Transfer learning based approach for reliable handwritten signature verification with SignaLearn
摘要
Handwritten signatures are considered unique for a person’s identity and hence are used as a prevalent method of identification in banking, business, financial settings, legal documents, etc. No two signatures of a person are exactly the same; slight variations occur each time one signs. Taking advantage of the variations present, forgers may forge an individual’s signature. This leads to the requirement of developing a system which learns internal patterns in a signature and can accurately classify between forged and original signatures. Various machine learning and deep learning methods have been explored, but machine learning methods are dependent on manual feature extraction, which makes it difficult to generalise. At the same time, deep learning methods can perform the same task automatically, but require vast amounts of training data, which is small in this case. This manuscript proposes a robust method, SignaLearn, for signature verification using a pre-trained VGG19 network for feature extraction and machine learning classifiers for accurate classification.
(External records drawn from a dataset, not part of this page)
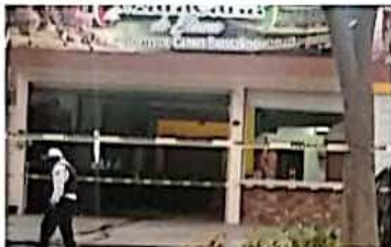
Por la tarde de ayer en Uruapan, civiles armados ingresaron al restaurante Maracaná y ejecutaron a balazos a su propietario.

Más tarde acudió el personal de la Fiscalía que se ha encargado de realizar las investigaciones en relación al crimen de la víctima y trasladaron su cadáver al Semefo local.
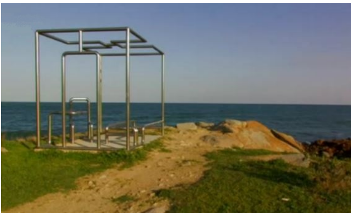
Fig. 4 - Plage d'Orrì : Cella Osservatorio di Stella, de Massimo Kaufmann ( http://www.sardegnaigitallibrary.it/index.php?xsl=626&s=17&v=9&c=4460&id=555748 ).
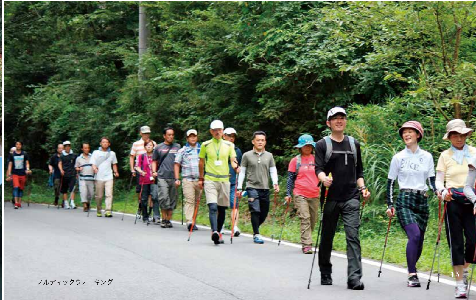
ノルディックウォーキング
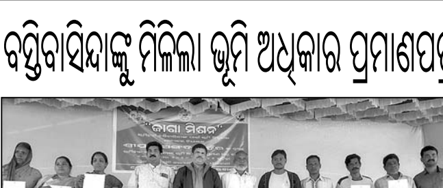
ହିତାଧିକାରୀଙ୍କ ସହ ଅତିଥି ।

By employing this strategy, we achieve the best of both worlds, enabling us to train networks on limited data while verifying signatures using features extracted from VGG19. The proposed method is validated on three publicly available benchmark datasets: BHSig260 (Bengali script), CEDAR, and UTSig (Persian signatures). The proposed method ensures that the classifiers are well adapted to the complex feature space of signature data. The proposed model demonstrates strong generalisation across datasets, achieving an accuracy of 83.703% on BHSig260 (Bengali), 100% on CEDAR, and 87.983% on UTSig. Subject-wise accuracies were also evaluated for three of the datasets, achieving, on average, perfect accuracy of 100%. These results indicate that the combination of transfer learning with VGG19 and optimised machine learning classifiers provides a powerful solution for offline signature verification, even in scenarios with limited annotated data.